Only one span of the material below is wanted. Output it exactly, from the line with "サルトリイバラの実と葉っぱ 赤い実、ツヤッツヤですね。 この葉っぱを見ると思い出すのは、" through the line with "Mobili TV 2", without any pictures.

:: THE INPUT ::
^^^^

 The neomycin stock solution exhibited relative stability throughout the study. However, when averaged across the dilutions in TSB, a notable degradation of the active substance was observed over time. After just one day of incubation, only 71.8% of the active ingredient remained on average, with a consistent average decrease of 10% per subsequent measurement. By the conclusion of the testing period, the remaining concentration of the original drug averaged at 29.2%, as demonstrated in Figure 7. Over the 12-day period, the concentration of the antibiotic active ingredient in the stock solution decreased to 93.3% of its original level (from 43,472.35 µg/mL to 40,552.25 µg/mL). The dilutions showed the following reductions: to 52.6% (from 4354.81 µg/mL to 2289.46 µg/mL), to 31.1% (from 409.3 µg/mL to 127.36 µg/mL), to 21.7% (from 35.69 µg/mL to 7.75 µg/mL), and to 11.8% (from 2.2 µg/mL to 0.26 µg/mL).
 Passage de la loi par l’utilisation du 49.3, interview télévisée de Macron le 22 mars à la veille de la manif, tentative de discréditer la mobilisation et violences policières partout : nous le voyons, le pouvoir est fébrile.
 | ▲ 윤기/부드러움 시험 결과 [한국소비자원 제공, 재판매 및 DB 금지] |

^^^^

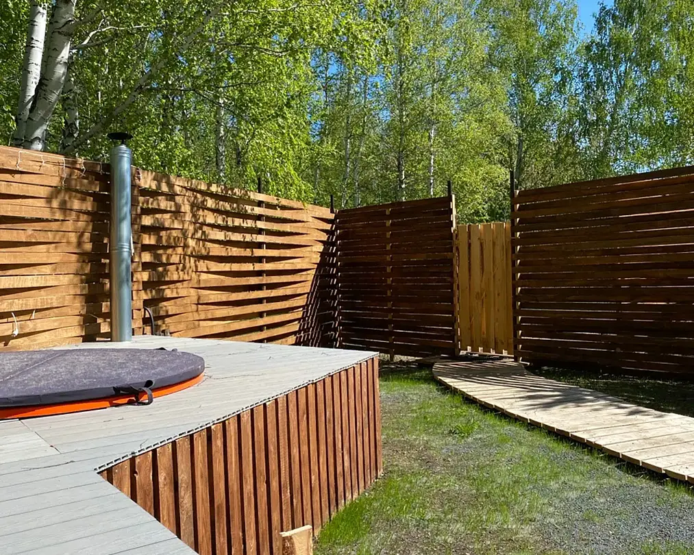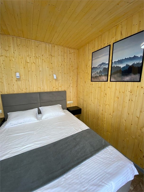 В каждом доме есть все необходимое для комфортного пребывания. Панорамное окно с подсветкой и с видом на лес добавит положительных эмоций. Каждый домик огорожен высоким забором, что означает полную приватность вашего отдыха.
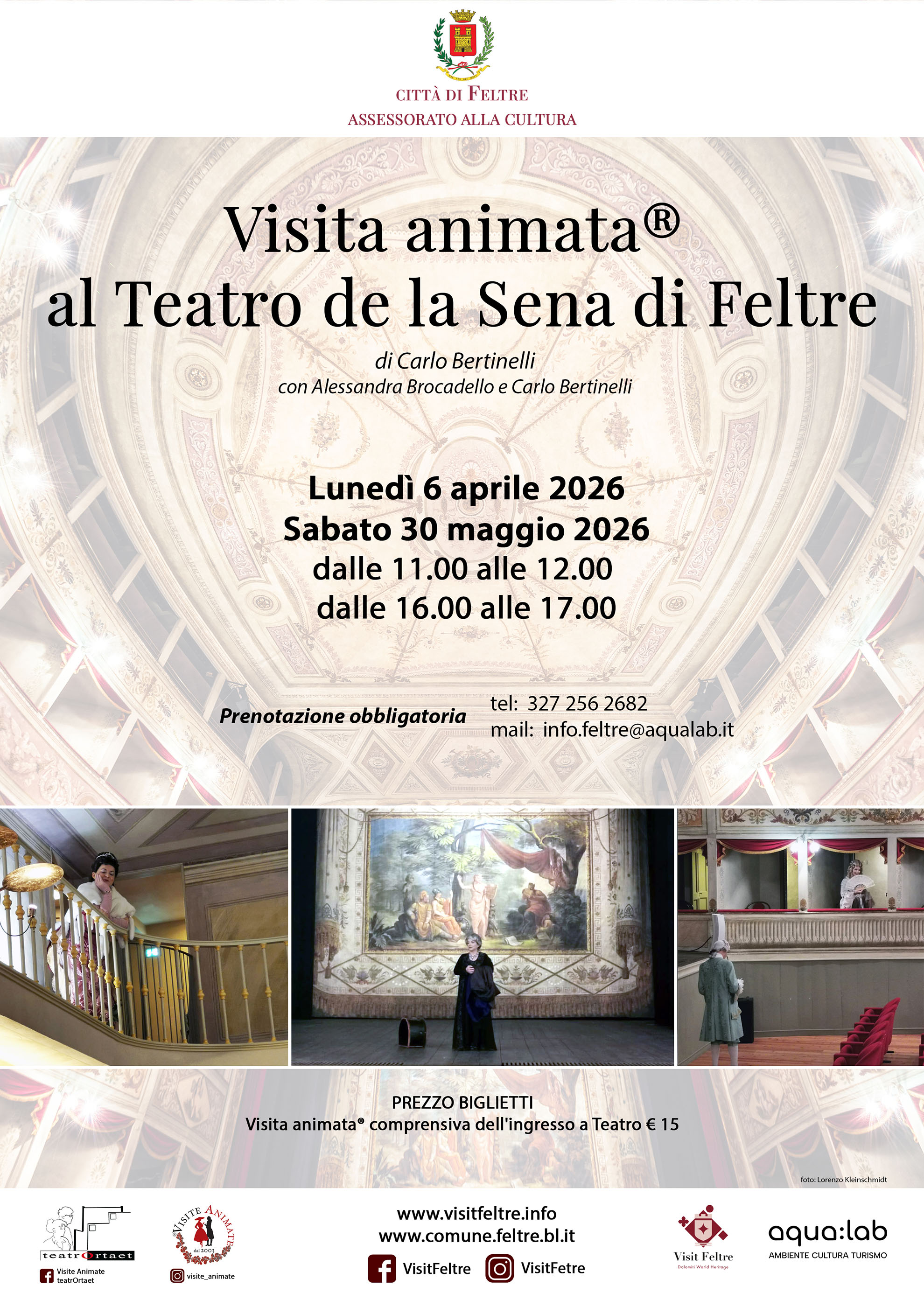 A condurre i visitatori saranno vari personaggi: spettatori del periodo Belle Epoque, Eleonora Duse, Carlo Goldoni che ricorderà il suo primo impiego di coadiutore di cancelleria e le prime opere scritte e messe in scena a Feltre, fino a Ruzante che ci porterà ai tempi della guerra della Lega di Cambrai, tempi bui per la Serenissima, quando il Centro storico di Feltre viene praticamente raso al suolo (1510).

^^^^

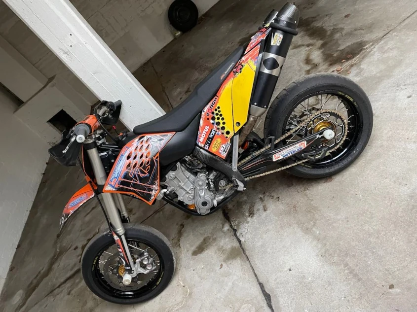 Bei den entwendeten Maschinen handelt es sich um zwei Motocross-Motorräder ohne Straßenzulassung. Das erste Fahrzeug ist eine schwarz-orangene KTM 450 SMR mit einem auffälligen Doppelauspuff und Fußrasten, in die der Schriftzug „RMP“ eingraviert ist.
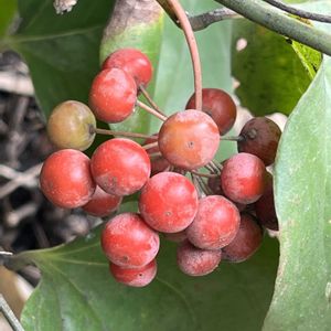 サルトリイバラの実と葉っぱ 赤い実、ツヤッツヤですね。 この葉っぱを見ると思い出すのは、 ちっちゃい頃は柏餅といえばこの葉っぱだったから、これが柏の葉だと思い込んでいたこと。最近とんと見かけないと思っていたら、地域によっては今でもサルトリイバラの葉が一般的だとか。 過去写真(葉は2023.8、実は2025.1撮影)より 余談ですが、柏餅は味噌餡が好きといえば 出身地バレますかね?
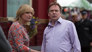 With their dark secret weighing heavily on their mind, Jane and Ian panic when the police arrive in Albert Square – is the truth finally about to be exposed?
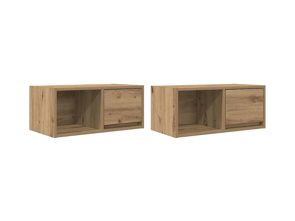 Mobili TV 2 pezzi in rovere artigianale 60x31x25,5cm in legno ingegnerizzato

^^^^

:: EXERCISE SOLUTION ::
 サルトリイバラの実と葉っぱ 赤い実、ツヤッツヤですね。 この葉っぱを見ると思い出すのは、 ちっちゃい頃は柏餅といえばこの葉っぱだったから、これが柏の葉だと思い込んでいたこと。最近とんと見かけないと思っていたら、地域によっては今でもサルトリイバラの葉が一般的だとか。 過去写真(葉は2023.8、実は2025.1撮影)より 余談ですが、柏餅は味噌餡が好きといえば 出身地バレますかね?
 With their dark secret weighing heavily on their mind, Jane and Ian panic when the police arrive in Albert Square – is the truth finally about to be exposed?
 Mobili TV 2 pezzi in rovere artigianale 60x31x25,5cm in legno ingegnerizzato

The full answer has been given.